Truth be told, I have had people call me wondering if their fiscal sponsor has done something wrong because they have nothing in writing. Sometimes they share with me that they can’t get the fiscal sponsor to provide any financial reports, or even return a call. These cases are rare, but they do occur and they hurt the entire field of fiscal sponsorship. The nature of our work leads us to enter into both personal and professional relationship with our projects. As a fiscal sponsor, our work enables our projects to go out into the world and bring their passions to life. We enter into legally binding agreements, we vouch for each other, we trust one another, and we expect to get as much as we give.

Ultimately fiscal sponsors are responsible for the money of the projects they manage. Projects feel responsible for that money, too; they are the ones that raised it, so they expect to see that money work for them. Projects trust the fiscal sponsor will manage their money correctly. Funders want to know that a fiscal sponsor will provide the critical infrastructure, making their grants to a project less risky than a grant to a newly formed charity. Fiscal sponsors that mismanage money endanger the entire field. Fiscal sponsors understand that our work enables a greater good. This is not to say that fiscal sponsors are perfect, but fiscal sponsors can do the right thing by working with their projects to rectify and resolve contention.

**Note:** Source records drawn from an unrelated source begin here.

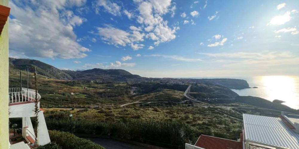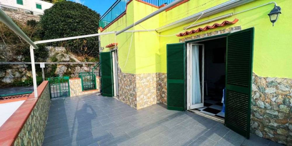 Al piano d'ingresso, troviamo un luminoso soggiorno con angolo cottura, un ambiente accogliente e perfetto per vivere la zona giorno in piena comodità. Da qui si accede a un ampio terrazzo di oltre 20 mq, con una vista panoramica sul paesaggio circostante, che permette di godere della bellezza del mare e delle montagne, creando l'atmosfera ideale per rilassarsi o intrattenere gli ospiti all'aperto.
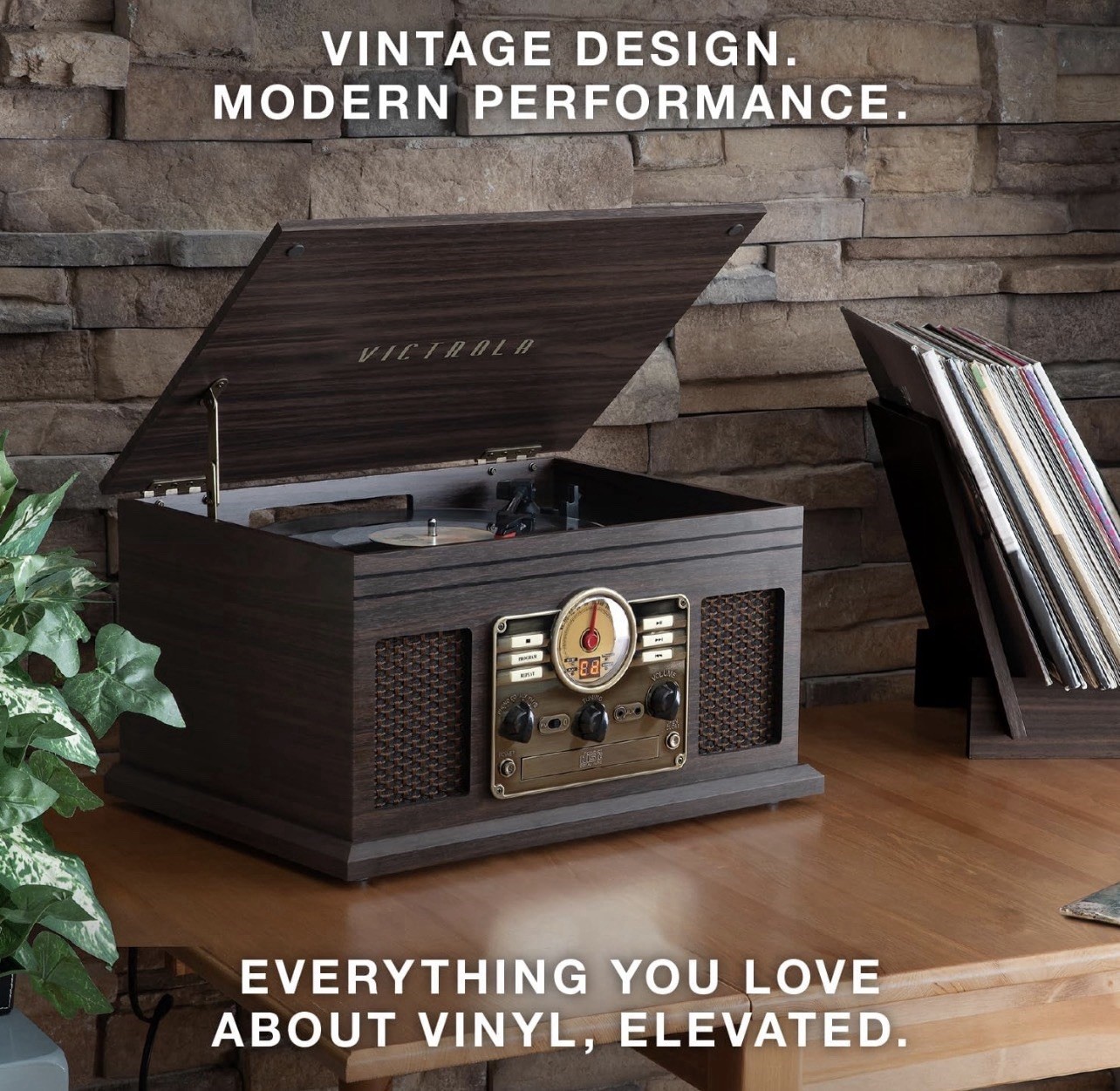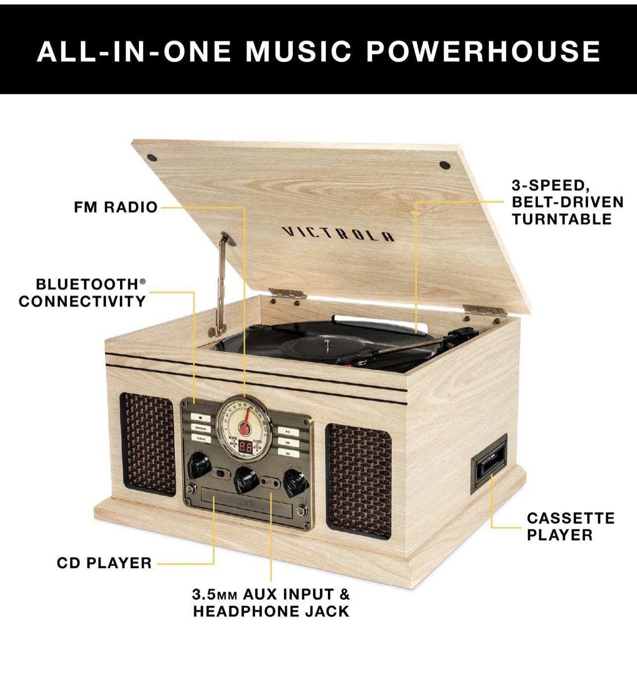 Victrola Quincy 6 in 1 Record Player Bluetooth CD Cassette AM FM Radio
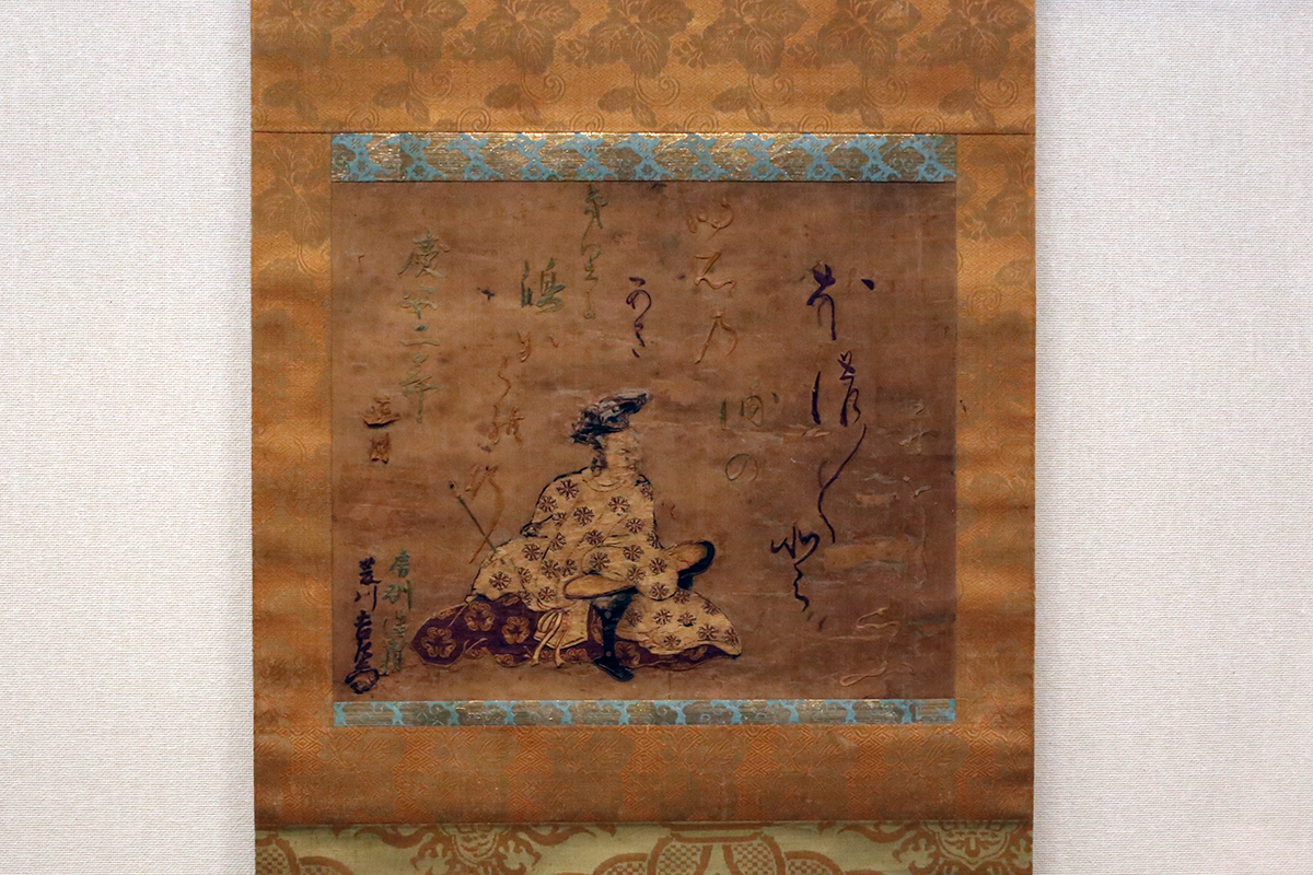 師宣の父・菱川吉左衛門は縫箔師でした。本展では、父が刺繍で作った《柿本人磨像》も出展されており、師宣が育った環境が伺えます。
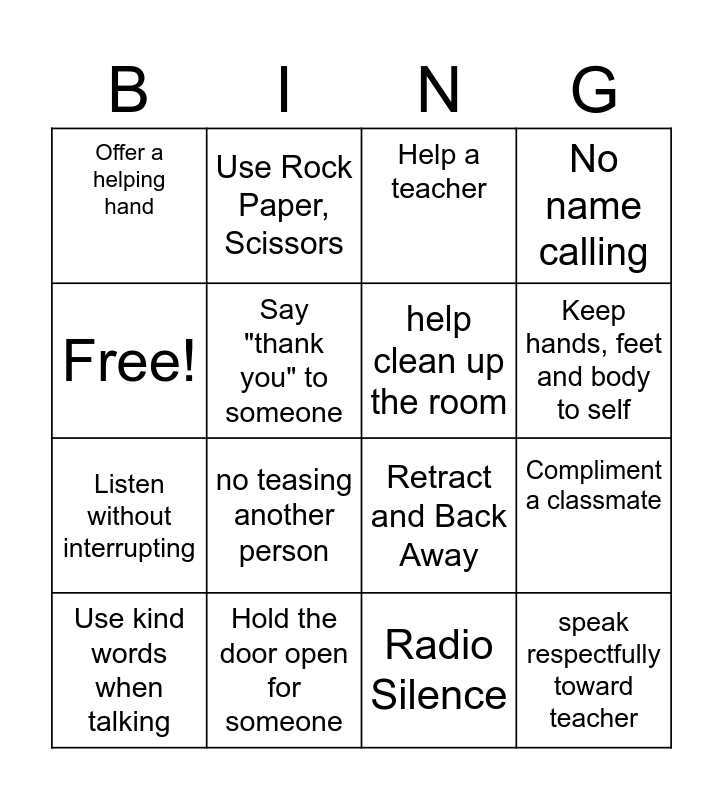 This bingo card has 16 words: Hold the door open for someone, Compliment a classmate, Help a teacher, Offer a helping hand, Listen without interrupting, Use Rock Paper, Scissors, Retract and Back Away, Radio Silence, Free!, Say "thank you" to someone, Use kind words when talking, No name calling, no teasing another person, Keep hands, feet and body to self, help clean up the room and speak respectfully toward teacher.
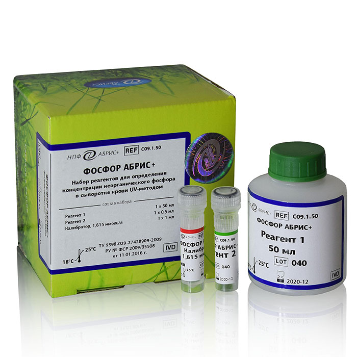 Набор реагентов для определения концентрации неорганического фосфора в сыворотке крови UV-методом без депротеинизации.
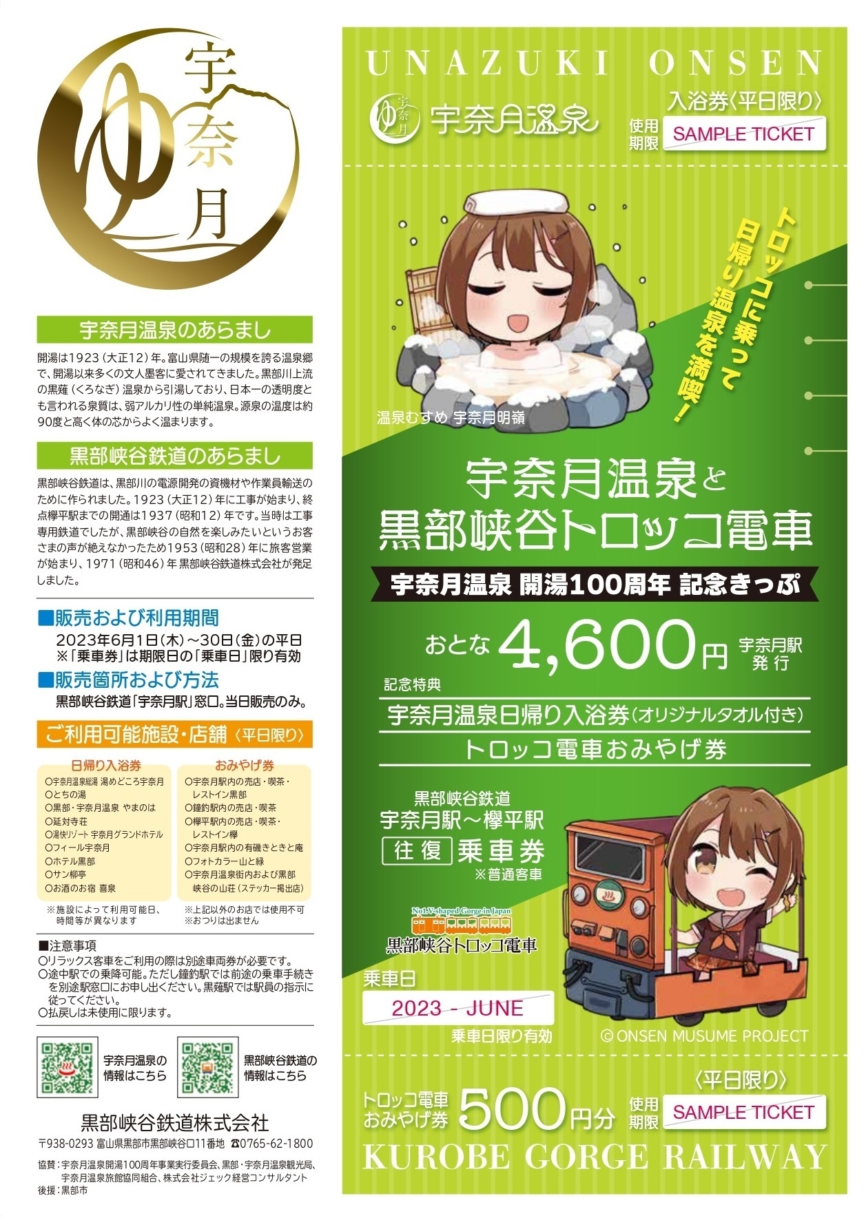 黒部峡谷トロッコ電車(運営:黒部峡谷鉄道株式会社、所在地:富山県黒部市、代表取締役社長:鈴木 俊茂)では、宇奈月温泉開湯100周年を記念して、トロッコ電車の「乗車券」と、宇奈月温泉街の日帰り「入浴券」、さらに峡谷沿線の売店・レストランや宇奈月温泉街で使える「おみやげ券」をセットにした、「宇奈月温泉開湯100周年記念きっぷ」を発売いたします。

The National Network of Fiscal Sponsors, of which Tides is a member, is working to finalize “best practices” for fiscal sponsors. The NNFS hopes to provide some guidance on operational questions that have been asked by emerging and existing fiscal sponsors, and it arranges events and gatherings for fiscal sponsors, by fiscal sponsors. I hope we can become part of the solution, not only in supporting better fiscal sponsorship practices but also in turning the negative assumptions about fiscal sponsorship into positive ones. Fiscal sponsors can learn how to practice our craft better by exchanging ideas and engaging in understanding the practice. There are a lot of ways to practice fiscal sponsorship. The field has much to learn, but with a positive effort and honesty we can make this field all the more reputable for the projects we serve as well as the foundations and individuals that support them.